> **EXERCISE INPUT**
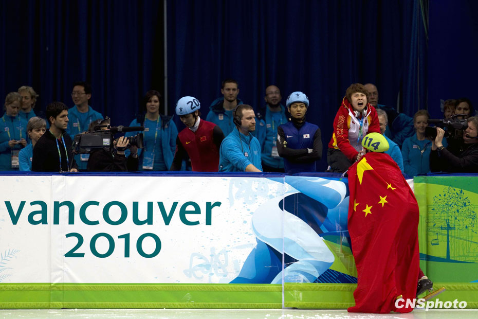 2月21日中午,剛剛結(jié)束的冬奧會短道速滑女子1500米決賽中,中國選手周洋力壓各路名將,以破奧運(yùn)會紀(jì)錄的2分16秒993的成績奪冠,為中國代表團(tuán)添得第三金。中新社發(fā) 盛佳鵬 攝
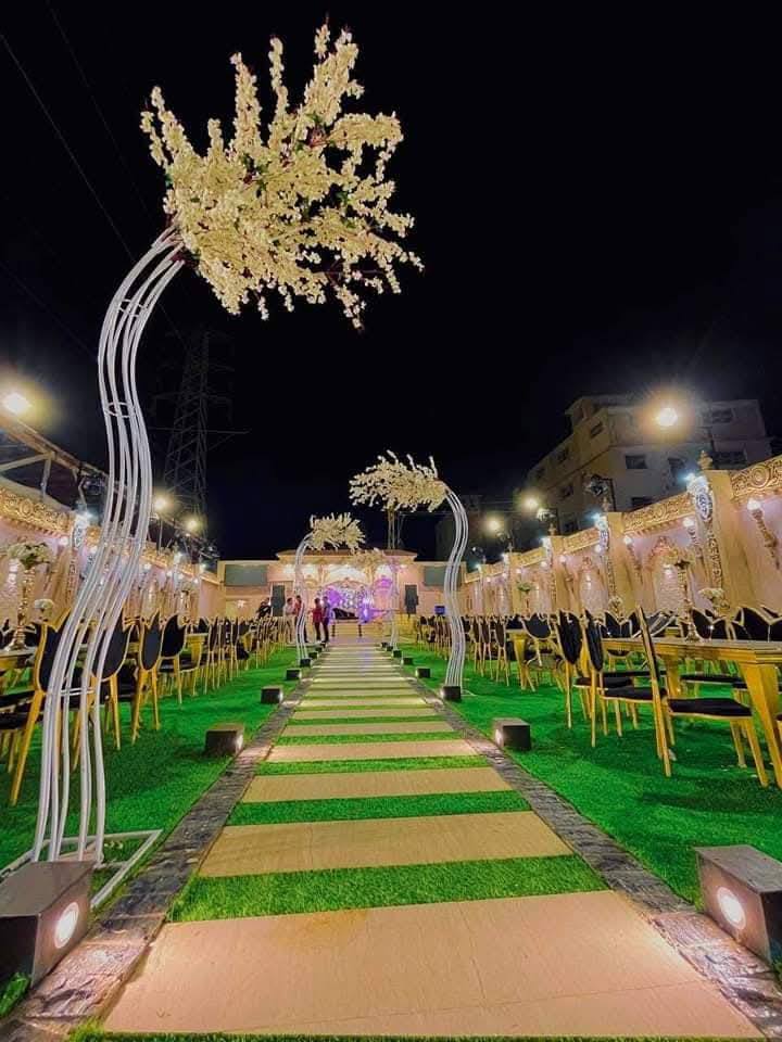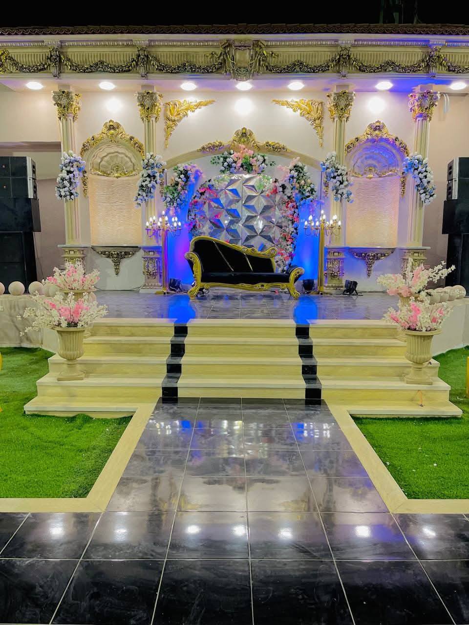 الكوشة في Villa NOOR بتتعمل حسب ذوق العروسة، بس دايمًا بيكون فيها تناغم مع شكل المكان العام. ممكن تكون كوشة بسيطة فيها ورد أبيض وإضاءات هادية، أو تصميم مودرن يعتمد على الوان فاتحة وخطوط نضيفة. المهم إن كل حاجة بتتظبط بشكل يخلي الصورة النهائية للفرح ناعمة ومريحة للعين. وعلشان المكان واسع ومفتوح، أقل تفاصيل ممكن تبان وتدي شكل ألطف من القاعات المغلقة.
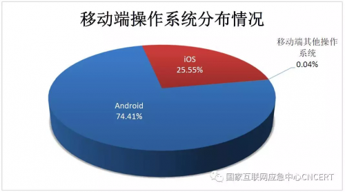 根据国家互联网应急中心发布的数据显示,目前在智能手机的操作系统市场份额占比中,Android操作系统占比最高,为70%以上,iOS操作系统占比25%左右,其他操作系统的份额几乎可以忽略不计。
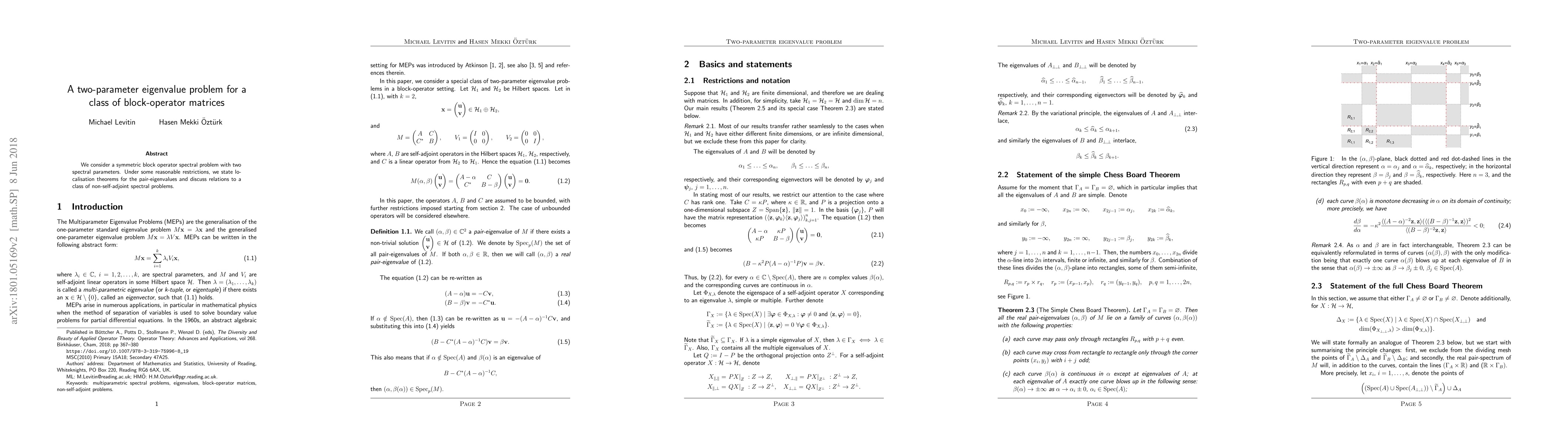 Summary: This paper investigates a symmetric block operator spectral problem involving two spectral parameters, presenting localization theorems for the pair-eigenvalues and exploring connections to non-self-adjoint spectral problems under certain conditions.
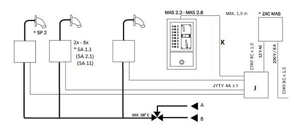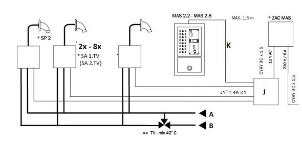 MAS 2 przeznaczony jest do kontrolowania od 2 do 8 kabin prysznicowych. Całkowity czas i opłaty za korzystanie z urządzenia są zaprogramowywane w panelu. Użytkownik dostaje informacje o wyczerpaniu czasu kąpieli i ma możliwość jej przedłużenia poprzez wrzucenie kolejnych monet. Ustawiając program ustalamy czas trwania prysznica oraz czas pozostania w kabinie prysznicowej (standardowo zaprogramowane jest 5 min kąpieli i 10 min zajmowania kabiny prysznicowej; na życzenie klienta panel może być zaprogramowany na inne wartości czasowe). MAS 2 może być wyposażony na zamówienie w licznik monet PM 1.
* * *
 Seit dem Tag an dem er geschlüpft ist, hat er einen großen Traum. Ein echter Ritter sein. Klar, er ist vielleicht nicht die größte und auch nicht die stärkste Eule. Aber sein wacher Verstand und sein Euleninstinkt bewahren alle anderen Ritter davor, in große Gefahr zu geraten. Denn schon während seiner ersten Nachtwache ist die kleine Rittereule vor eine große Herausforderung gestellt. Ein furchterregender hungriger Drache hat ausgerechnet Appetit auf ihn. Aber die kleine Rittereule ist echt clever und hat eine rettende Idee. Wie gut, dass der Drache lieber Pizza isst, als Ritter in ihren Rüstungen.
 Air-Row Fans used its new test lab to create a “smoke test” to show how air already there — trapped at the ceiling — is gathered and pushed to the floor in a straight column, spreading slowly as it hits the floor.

> **WORK TO BE COMPLETED**
Looking at the listing above, which lines run from the one containing "Summary: This paper" through the one containing "MAS 2 przeznaczony"? Print exactly those, ends included, pictures excluded.

> **SOLUTION FOR THIS EXERCISE**
 Summary: This paper investigates a symmetric block operator spectral problem involving two spectral parameters, presenting localization theorems for the pair-eigenvalues and exploring connections to non-self-adjoint spectral problems under certain conditions.
 MAS 2 przeznaczony jest do kontrolowania od 2 do 8 kabin prysznicowych. Całkowity czas i opłaty za korzystanie z urządzenia są zaprogramowywane w panelu. Użytkownik dostaje informacje o wyczerpaniu czasu kąpieli i ma możliwość jej przedłużenia poprzez wrzucenie kolejnych monet. Ustawiając program ustalamy czas trwania prysznica oraz czas pozostania w kabinie prysznicowej (standardowo zaprogramowane jest 5 min kąpieli i 10 min zajmowania kabiny prysznicowej; na życzenie klienta panel może być zaprogramowany na inne wartości czasowe). MAS 2 może być wyposażony na zamówienie w licznik monet PM 1.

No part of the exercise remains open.